----- RECORDS SHOWN

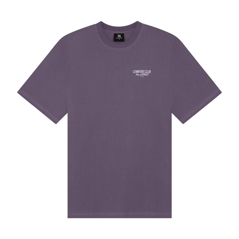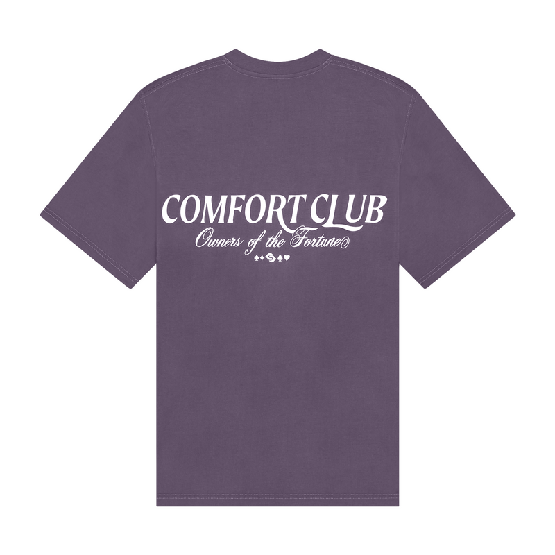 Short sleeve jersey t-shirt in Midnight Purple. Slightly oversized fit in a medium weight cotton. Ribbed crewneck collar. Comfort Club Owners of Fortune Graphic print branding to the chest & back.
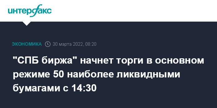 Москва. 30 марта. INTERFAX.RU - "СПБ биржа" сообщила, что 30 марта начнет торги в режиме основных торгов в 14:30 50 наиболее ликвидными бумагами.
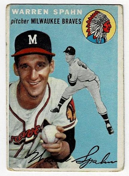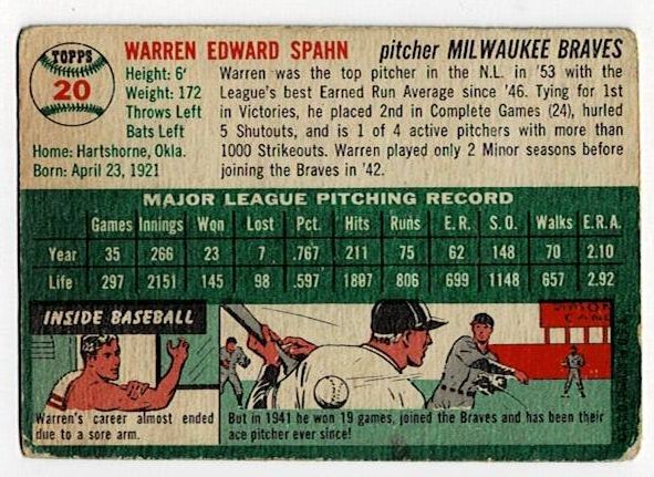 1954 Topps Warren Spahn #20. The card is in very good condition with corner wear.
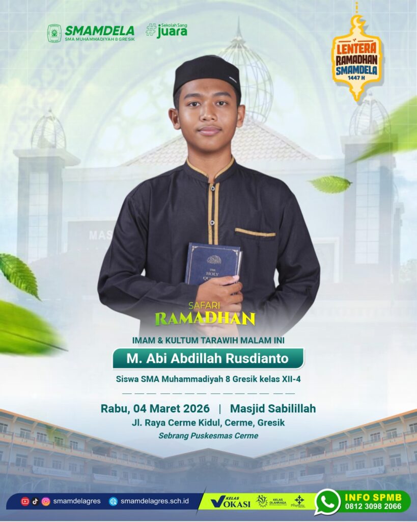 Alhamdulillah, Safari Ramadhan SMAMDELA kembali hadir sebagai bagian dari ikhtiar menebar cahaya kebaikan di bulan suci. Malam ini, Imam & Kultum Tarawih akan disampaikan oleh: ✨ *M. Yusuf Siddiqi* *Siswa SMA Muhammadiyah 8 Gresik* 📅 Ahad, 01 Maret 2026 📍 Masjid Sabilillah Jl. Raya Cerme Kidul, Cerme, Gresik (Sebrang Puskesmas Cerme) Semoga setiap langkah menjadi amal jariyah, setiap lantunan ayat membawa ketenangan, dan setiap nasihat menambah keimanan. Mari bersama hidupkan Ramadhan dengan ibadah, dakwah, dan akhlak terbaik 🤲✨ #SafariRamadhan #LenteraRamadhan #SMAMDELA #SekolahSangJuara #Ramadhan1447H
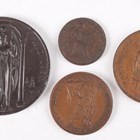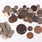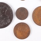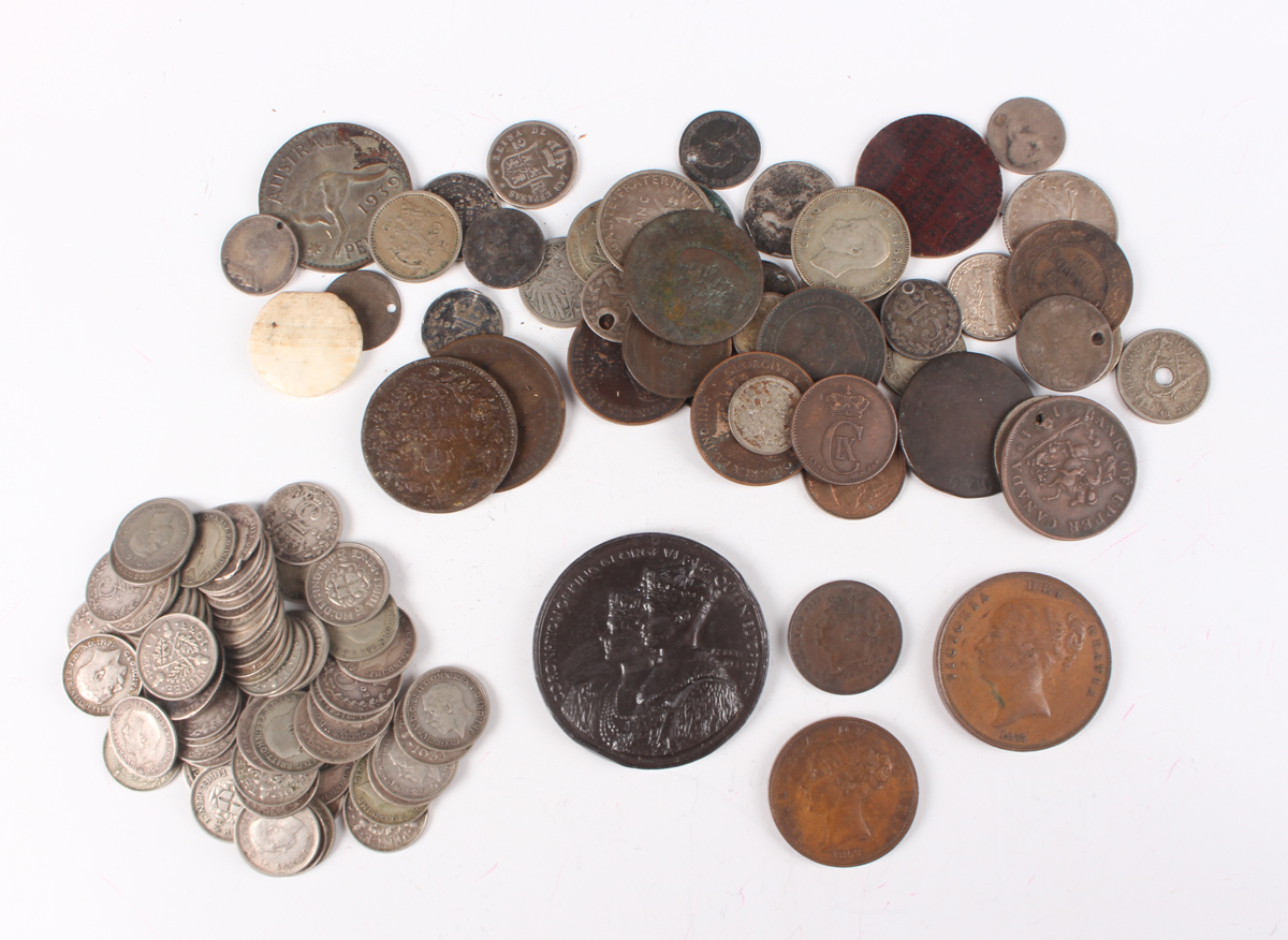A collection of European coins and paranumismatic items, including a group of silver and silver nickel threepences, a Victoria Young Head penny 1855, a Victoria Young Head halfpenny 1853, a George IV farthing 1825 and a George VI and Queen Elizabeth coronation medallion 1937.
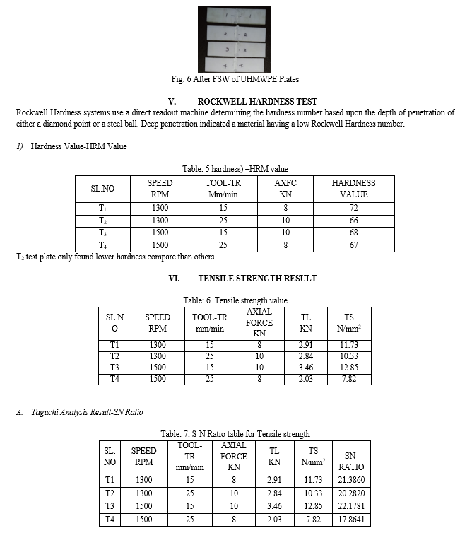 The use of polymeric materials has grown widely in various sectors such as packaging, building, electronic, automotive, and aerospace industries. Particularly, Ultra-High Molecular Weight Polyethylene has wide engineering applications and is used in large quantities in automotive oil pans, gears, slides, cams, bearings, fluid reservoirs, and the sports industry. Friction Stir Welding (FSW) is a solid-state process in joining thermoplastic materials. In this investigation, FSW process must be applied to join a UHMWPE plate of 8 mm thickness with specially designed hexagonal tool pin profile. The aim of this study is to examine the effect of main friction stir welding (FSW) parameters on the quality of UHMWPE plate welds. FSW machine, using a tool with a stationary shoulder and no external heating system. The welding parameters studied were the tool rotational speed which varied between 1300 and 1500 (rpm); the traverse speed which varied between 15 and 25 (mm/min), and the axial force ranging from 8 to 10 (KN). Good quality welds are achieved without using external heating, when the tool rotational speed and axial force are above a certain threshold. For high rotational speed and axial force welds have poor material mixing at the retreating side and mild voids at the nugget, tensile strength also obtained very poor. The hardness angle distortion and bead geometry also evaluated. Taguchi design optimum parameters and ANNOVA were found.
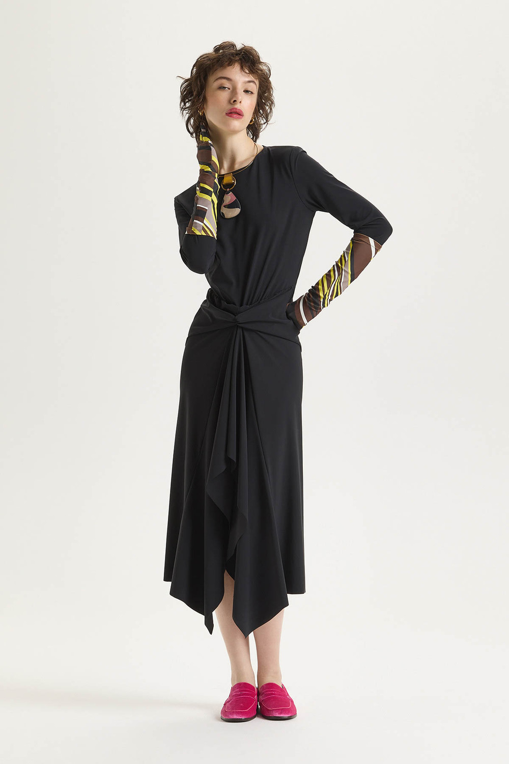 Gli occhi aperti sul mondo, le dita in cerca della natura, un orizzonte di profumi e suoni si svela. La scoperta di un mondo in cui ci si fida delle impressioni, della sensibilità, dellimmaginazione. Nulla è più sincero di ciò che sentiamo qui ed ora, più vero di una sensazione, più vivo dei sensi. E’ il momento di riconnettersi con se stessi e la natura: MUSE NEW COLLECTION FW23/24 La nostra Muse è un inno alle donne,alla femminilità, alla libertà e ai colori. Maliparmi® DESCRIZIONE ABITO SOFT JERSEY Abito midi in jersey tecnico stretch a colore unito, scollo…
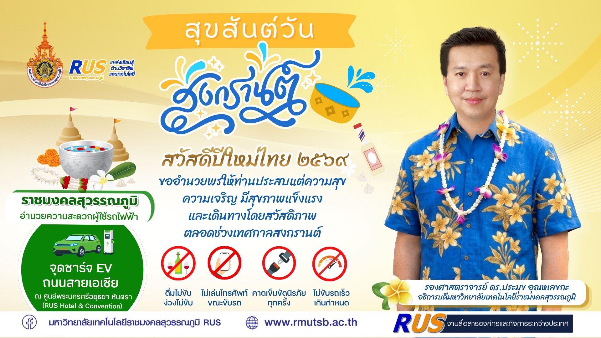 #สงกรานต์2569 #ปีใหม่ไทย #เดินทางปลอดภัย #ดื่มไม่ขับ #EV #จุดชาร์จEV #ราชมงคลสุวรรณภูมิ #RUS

----------

- [EXERCISE REQUIREMENTS] An exact copy of the lines above, from the first through the line that holds "1954 Topps Warren", is what is needed; leave the pictures out.

- [ANSWER SPACE]
 Short sleeve jersey t-shirt in Midnight Purple. Slightly oversized fit in a medium weight cotton. Ribbed crewneck collar. Comfort Club Owners of Fortune Graphic print branding to the chest & back.
 Москва. 30 марта. INTERFAX.RU - "СПБ биржа" сообщила, что 30 марта начнет торги в режиме основных торгов в 14:30 50 наиболее ликвидными бумагами.
 1954 Topps Warren Spahn #20. The card is in very good condition with corner wear.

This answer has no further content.